- Ahmedabad city taluka in Ahmedabad district
- Coordinates: 23°01′18″N 72°34′47″E﻿ / ﻿23.0216238°N 72.5797068°E
- Country: India
- State: Gujarat
- District: Ahmedabad
- Headquarters: Ahmedabad

Government
- • Body: Ahmedabad Municipal Corporation

Languages
- • Official: Gujarati, Hindi
- Time zone: UTC+5:30 (IST)
- Telephone code: +91-079
- Vehicle registration: GJ
- Lok Sabha constituency: Ahmedabad
- Civic agency: Ahmedabad Municipal Corporation
- Website: gujaratindia.com

= Ahmedabad City taluka =

Sub-district in Ahmedabad, Gujarat, India

Ahmedabad City was a former taluk of Ahmedabad District in the western part of India state Gujarat. Around 19–20 March 2012, this taluk was bifurcated into Ahmedabad City (East) and Ahmedabad City (West).

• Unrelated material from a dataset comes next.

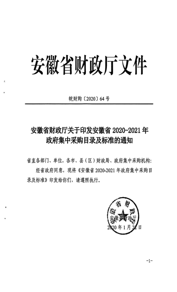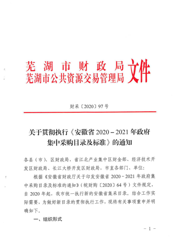 财采[2020]97号关于贯彻执行《安徽省2020-2021年政府集中采购目录及标准》的通知

Many villages in the taluk were included under the Ahmedabad Municipal Corporation. The headquarters of both the newly formed taluks is Ahmedabad. The Sabarmati river is taken as the dividing line dividing the talukas. That is, considering the Sabarmati as the boundary between these two talukas, the areas east of it were included in Ahmedabad City (East) taluka and the portion west of the river was included in Ahmedabad City (West) taluka.